La sixième erreur est une faute politique. Génoplante est un pas de plus dans la mise des agriculteurs sous tutelle. Un " semencier " ne peut vendre de semences tant que le grain que récolte l'agriculteur est aussi la semence de l'année suivante. Au fond, tant que les plantes se reproduisent dans le champ du paysan, le capital du " sélectionneur " ne peut se reproduire dans son bilan. Son objectif -contre l'agriculteur- sera donc de se débarrasser cette propriété malheureuse.
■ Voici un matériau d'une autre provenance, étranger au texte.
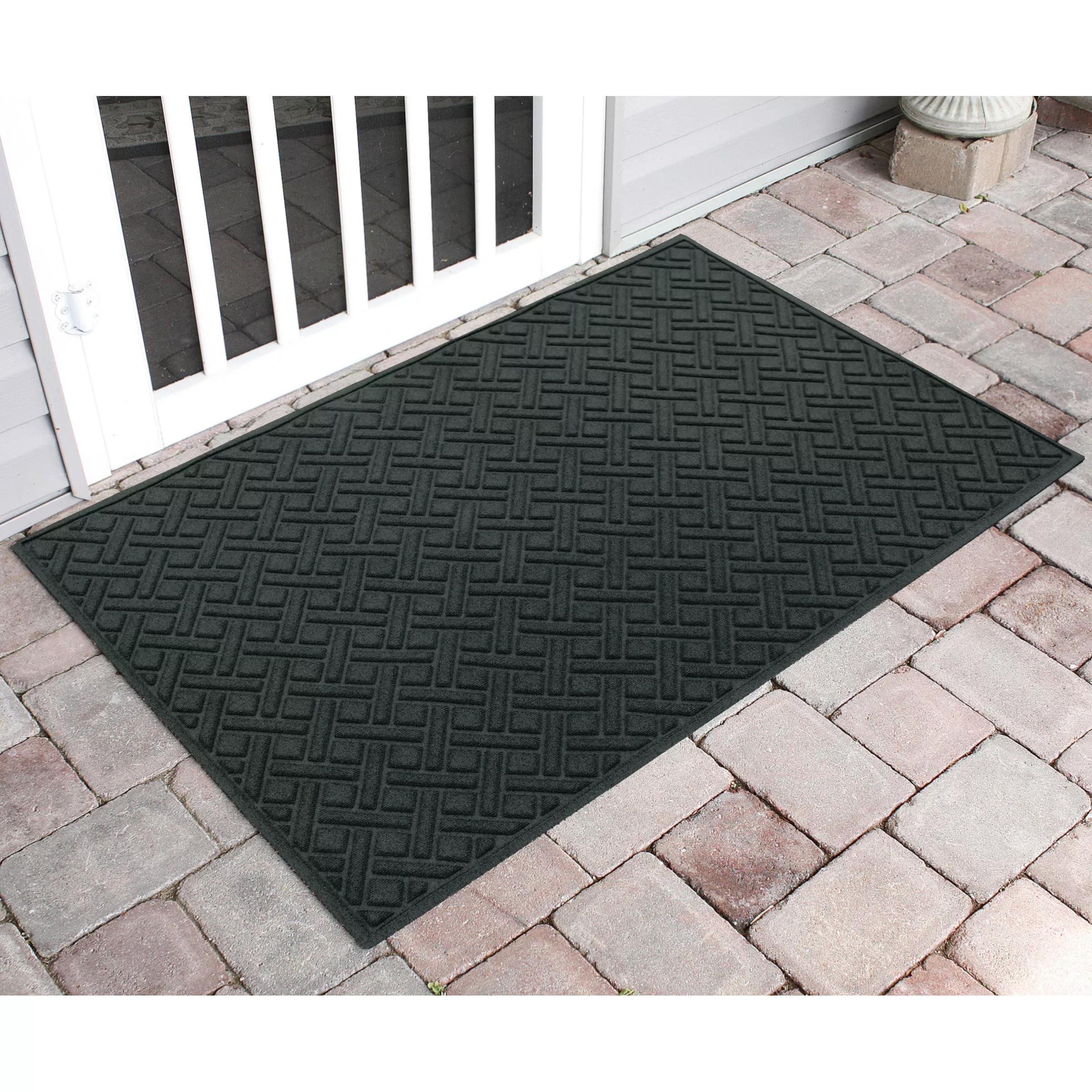 This handsome, durable WaterHog doormat welcomes visitors in style — and keeps them from making a mess of your pristine floors! The raised lattice design scrapes boots clean, while the “water dam” edge keeps up to 1 gallon of moisture, mud, and grit neatly contained. Made of durable, anti-static recycled polyester that dries quickly, resists mold and mildew, and won't fade or rot. A recycled rubber backing with non-slip grippers keeps your mat securely in place. Low profile for easy door clearance. Just vacuum clean when dry, or hose off and air dry for deep cleaning.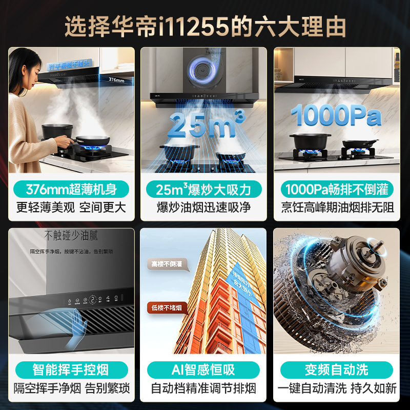 华帝油烟机i11255顶吸抽油烟机家用厨房自动清洗大吸力官方旗舰店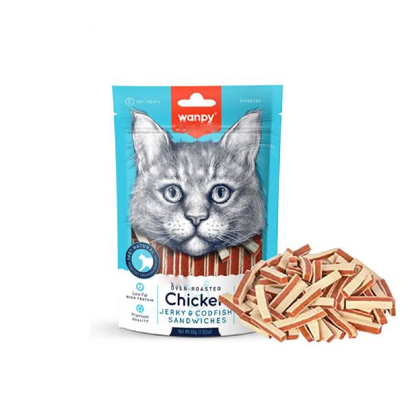 تشویقی ساندویچی گربه ونپی با طعم مرغ و ماهی کاد _ ۸۰ گرم

La technique Terminator, brevetée en mars 1998 par la Ministère de l'Agriculture américain et une firme privée (rachetée aussitôt par Monsanto) illustre cet objectif: un transgène tueur actionné avant le semis vient tuer le germe au moment où le grain se forme. Une autre arme est le brevet. Au nom de brevets sur des semences génétiquement modifiées, la pratique de semer librement le grain récolté que reconnaît pourtant le système américain de protection des obtentions végétales est remise en cause. Pour cette raison des centaines d'agriculteurs sont ainsi traînés par Monsanto devant les tribunaux. Le brevet est donc une stérilisation légale des plantes qui a l'avantage d'étre moins coûteuse que les transgénèses de type Terminator. Ayant ainsi exproprié l'humanité, les nouveaux propriétaires du vivant pourront demander au états de protéger leur privilège et faire payer par le contribuable-citoyen le coût de sa propre dépossession.


Ces interrogations nous concernent tous. Le renforcement du contrôle des citoyens sur les orientations du service public de recherche est une nécessité. Nous demandons que la mise en oeuvre de Génoplante soit suspendue et qu'un large débat public associant la représentation nationale puisse enfin avoir lieu.